Metadata-Version: 2.4
Name: distillcore
Version: 0.7.1
Summary: Universal document processing: extract, chunk, enrich, embed, validate
Project-URL: Homepage, https://github.com/mfbaig35r/distillcore
Project-URL: Repository, https://github.com/mfbaig35r/distillcore
Author-email: Fahad Baig <mfbaig35r@gmail.com>
License: MIT
License-File: LICENSE
Classifier: Intended Audience :: Developers
Classifier: License :: OSI Approved :: MIT License
Classifier: Programming Language :: Python :: 3
Classifier: Programming Language :: Python :: 3.11
Classifier: Programming Language :: Python :: 3.12
Classifier: Programming Language :: Python :: 3.13
Classifier: Topic :: Text Processing :: General
Classifier: Topic :: Text Processing :: Indexing
Classifier: Typing :: Typed
Requires-Python: >=3.11
Requires-Dist: pydantic>=2.0
Provides-Extra: all
Requires-Dist: beautifulsoup4>=4.12; extra == 'all'
Requires-Dist: lxml>=5.0; extra == 'all'
Requires-Dist: openai>=1.60.0; extra == 'all'
Requires-Dist: pdf2image>=1.17.0; extra == 'all'
Requires-Dist: pdfplumber>=0.11.0; extra == 'all'
Requires-Dist: pillow>=10.0; extra == 'all'
Requires-Dist: python-docx>=1.0; extra == 'all'
Provides-Extra: cohere
Requires-Dist: cohere>=5.0; extra == 'cohere'
Provides-Extra: dev
Requires-Dist: mypy>=1.0; extra == 'dev'
Requires-Dist: openai>=1.60.0; extra == 'dev'
Requires-Dist: pytest-asyncio>=0.24; extra == 'dev'
Requires-Dist: pytest>=8.0; extra == 'dev'
Requires-Dist: ruff>=0.8; extra == 'dev'
Provides-Extra: docx
Requires-Dist: python-docx>=1.0; extra == 'docx'
Provides-Extra: html
Requires-Dist: beautifulsoup4>=4.12; extra == 'html'
Requires-Dist: lxml>=5.0; extra == 'html'
Provides-Extra: local
Requires-Dist: sentence-transformers>=3.0; extra == 'local'
Provides-Extra: mcp
Requires-Dist: fastmcp>=2.0.0; extra == 'mcp'
Provides-Extra: openai
Requires-Dist: openai>=1.60.0; extra == 'openai'
Provides-Extra: pdf
Requires-Dist: pdf2image>=1.17.0; extra == 'pdf'
Requires-Dist: pdfplumber>=0.11.0; extra == 'pdf'
Requires-Dist: pillow>=10.0; extra == 'pdf'
Description-Content-Type: text/markdown

# distillcore

Universal document processing: extract, chunk, enrich, embed, validate.

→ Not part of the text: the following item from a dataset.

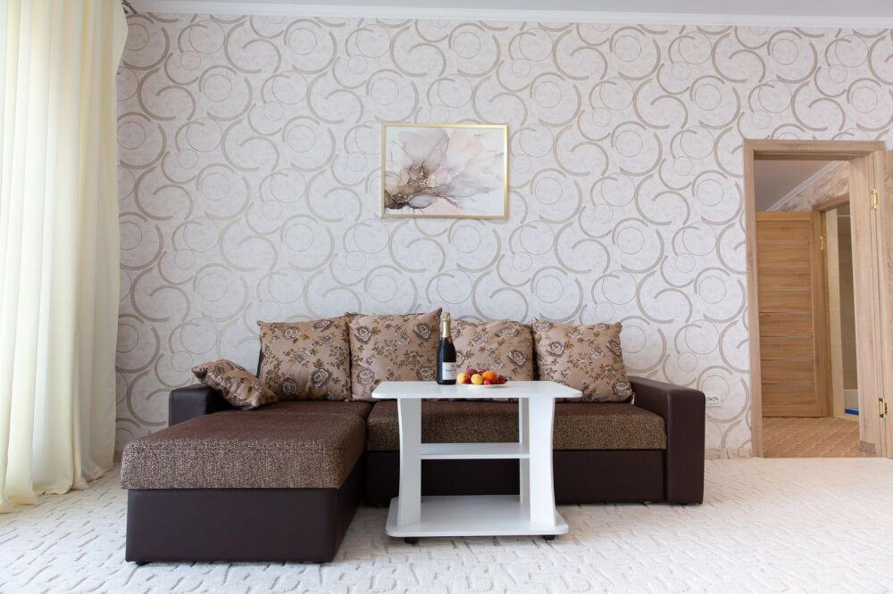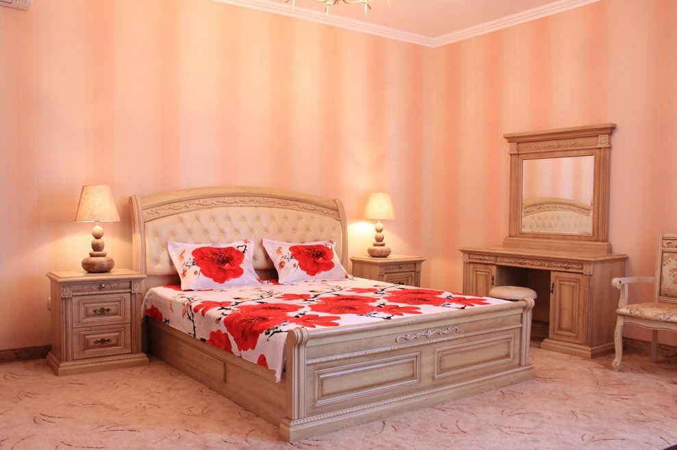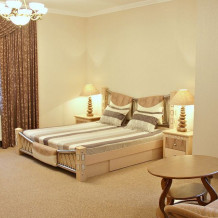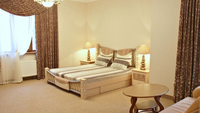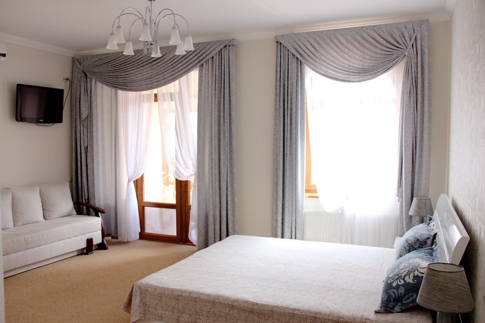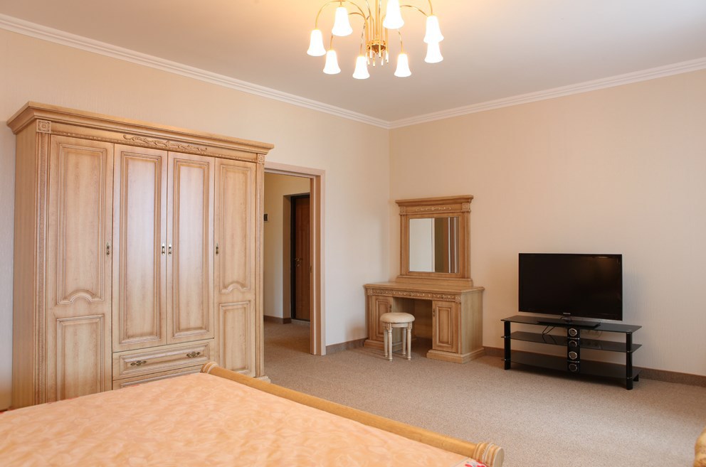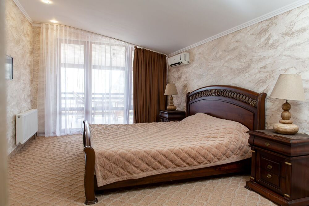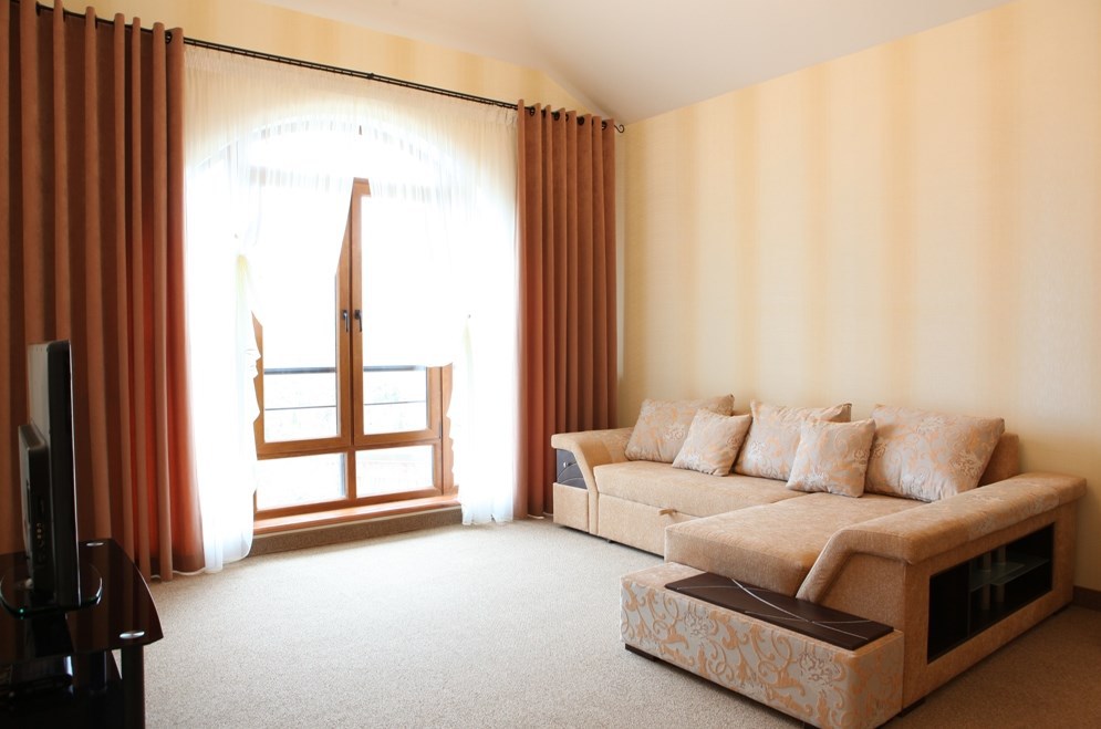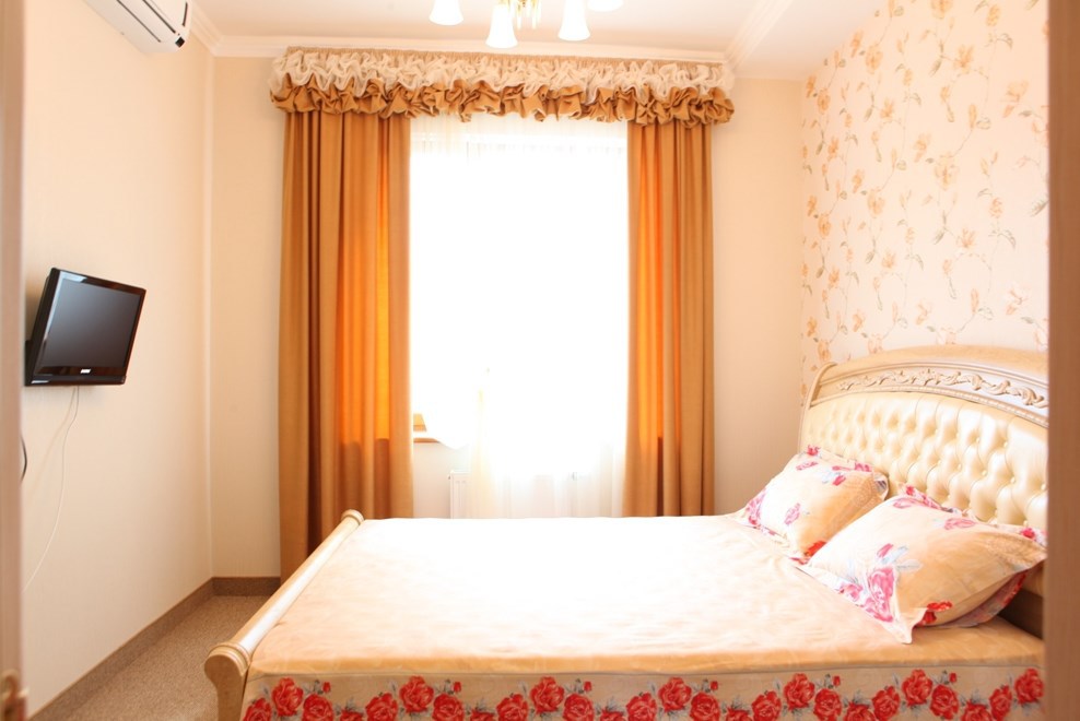 Номер комфорт выполнен в современном стиле. В номере есть санузел с душем, 2 спальная кровать, диван-кровать, шкаф купе, трюмо, холодильник, чайник, телевизор, Wi-Fi в номере. Вид из окна во двор, на территории отеля есть двор с садовой мебелью для отдыха.

distillcore takes any document (PDF, DOCX, HTML, text, markdown) and runs it through an intelligent 7-stage pipeline — extracting text, classifying the document, breaking it into structured sections, chunking for RAG, enriching chunks with LLM-generated metadata, generating embeddings, and validating coverage at every stage.

Works as a **Python library** or a **standalone FastMCP server**. Supports sync and async pipelines, batch processing, optional SQLite persistence with cosine search, and 4 embedding providers. Domain-neutral by default, with pluggable presets for specialized domains (legal built-in).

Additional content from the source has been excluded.